IL-6 promotes tumor growth, EMT and tumor metastasis, in vivo

To further investigate the role of IL-6 in EMT process and tumor metastasis, we used a SCID mouse xenograft model. CAL27-IL-6 tumors showed a moderate but significant increase in tumor growth as compared to CAL27-VC cells (Fig. 6A). CAL27-IL-6 tumor cells exhibited fibroblastic morphology (spindle shape) in contrast to cobblestone morphology of CAL27-VC cells (Fig. 6B). In addition, CAL27-IL-6 tumors showed markedly elevated levels of activated STAT3 (pY705, Fig. 6C) and snail proteins (Fig. 6D) that were predominantly localized in the nucleus. CAL27-IL-6 tumors also showed decreased E-cadherin and increased vimentin expression (Fig. 6E-F).

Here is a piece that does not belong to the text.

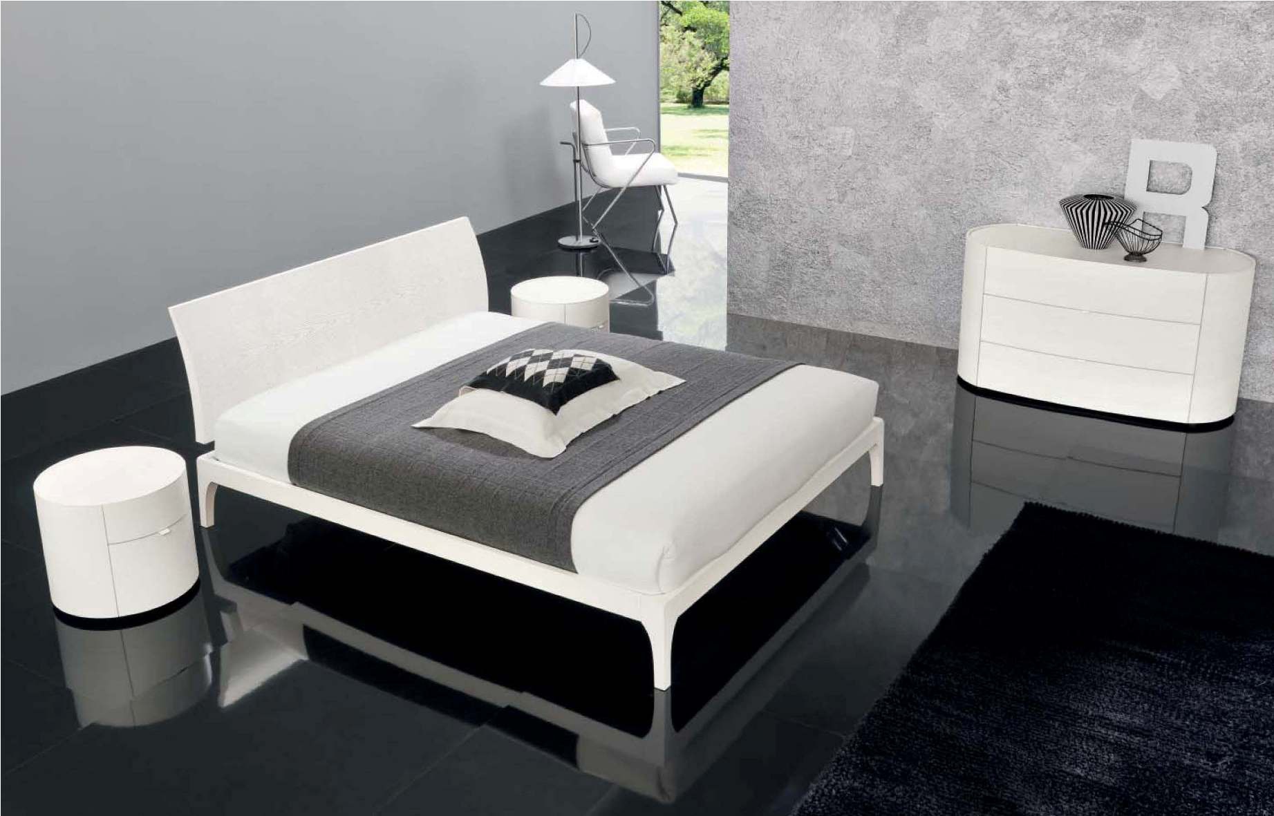 Italian furniture for bedroom production of Veneran. Set includes double bed with high headboard round bedside tables and chest of drawers. The frames are made of solid cherry. Treatment white lacquer. The bedroom is designed in modern style.

Lymph nodes from animals carrying CAL27-VC tumors were negative for metastatic disease whereas 60% of lymph nodes from animals carrying CAL27-IL-6 tumors were positive for metastatic disease (Fig. 7A-C). Similarly, lungs from animals with CAL27-IL-6 tumors showed marked increase in metastatic nodes (Fig. 7D-E).